The urllib library offers its own patterns for setting up default handlers that can inject default headers, but, as
they are labyrinthine and, alas, object-oriented, I refer you to the documentation.


Content Type


Once a server has inspected the various Accepts headers from the client and decided which representation of a
resource to deliver, it sets the Content-Type header of the outgoing response accordingly.
Content types are selected from among the various MIME types that were already established for multimedia
that is transmitted as part of e-mail messages (see Chapter 12). The types text/plain and text/html are both
common along with image formats such as image/gif, image/jpg, and image/png. Documents can be delivered as
types including application/pdf. A plain sequence of bytes for which the server can guarantee no more specific
interpretation is given the content type of application/octet-stream.
There is one complication of which you should be aware when dealing with a Content-Type header delivered
over HTTP. If the major type (the word to the left of the slash) is text, then the server has a number of options about
how those text characters can be encoded for transmission to the client. It states its choice by appending to the
Content-Type header, a semicolon, and a declaration of the character encoding used to turn the text into bytes.

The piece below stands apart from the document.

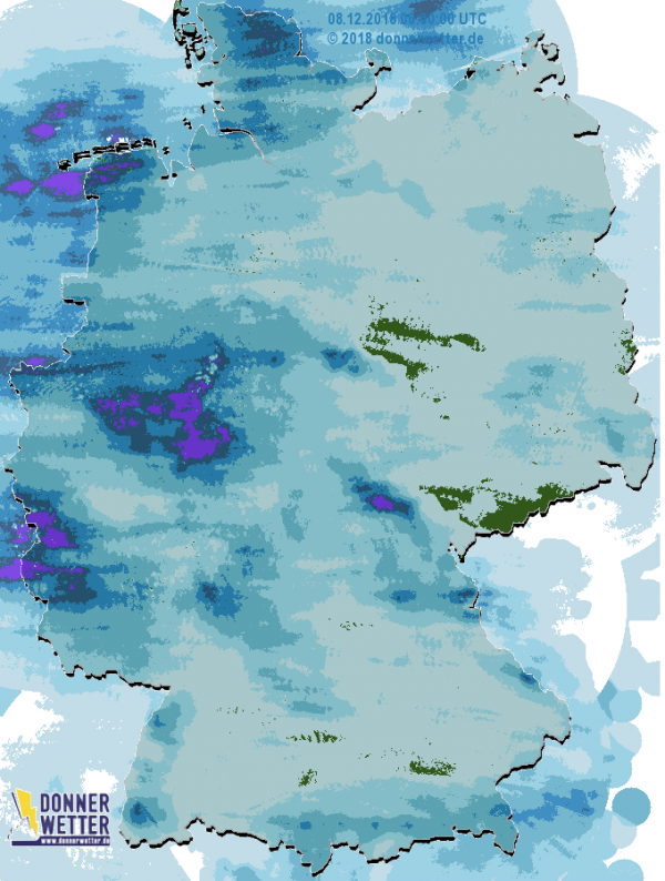 Heute halten sich verbreitet dichte Wolken, dabei fällt zeitweise, teils auch kräftiger Regen. Die Temperatur steigt auf milde 7 bis 10 Grad. Es weht ein oft starker bis stürmischer Wind.

Content-Type: text/html; charset=utf-8


This means you cannot simply compare the Content-Type header to a list of MIME types without first checking
for the semicolon character and splitting it into two pieces. Most libraries will give you no help here. Whether you use
urllib or whether you use Requests, you will have to be responsible for splitting on the semicolon if you write code that
needs to inspect the content type (although Requests will at least use, if not tell you about, the content type’s charset
setting if you ask its Response object for its already-decoded text attribute).
The only library that you will examine in this book that allows the content type and character set to be
manipulated separately by default is Ian Bicking’s WebOb library (Chapter 10), whose Response objects offer separate
attributes called content_type and charset that get put together with a semicolon in the Content-Type header per
the standard.


HTTP Authentication


Just as the word authentic denotes something that is genuine, real, actual, or true, authentication describes any
procedures for determining whether a request really comes from someone authorized to make it. Just as your
telephone conversation with a bank or airline will be prefixed with questions about your address and personal
identity in order to establish that it is really the account holder calling, so too an HTTP request often needs to carry
built-in proof as to the identity of the machine or person making it.
The error code 401 Not Authorized is used by servers that want to signal formally, through the protocol itself,
either that they cannot authenticate your identity or that the identity is fine but is not one authorized to view this
particular resource.
Many real-world HTTP servers never actually deign to return a 401 because they are designed purely for human
users. On these servers, an attempt to fetch a resource without the proper identification is likely to return a 303 See
Other to their login page. This is helpful for a human but far less so for your Python program, which will have to learn
distinguish between a 303 See Other that truly indicates a failure to authenticate from an innocent redirection that is
really just trying to take you to the resource.
Because every HTTP request is stand-alone and independent of all other requests, even those that come right
before and after it on the same socket, any authenticating information much be carried separately in every single
request. This independence is what makes it safe for proxy servers and load balancers to distribute HTTP requests,
even requests that arrive over the same socket, among as many servers as they want.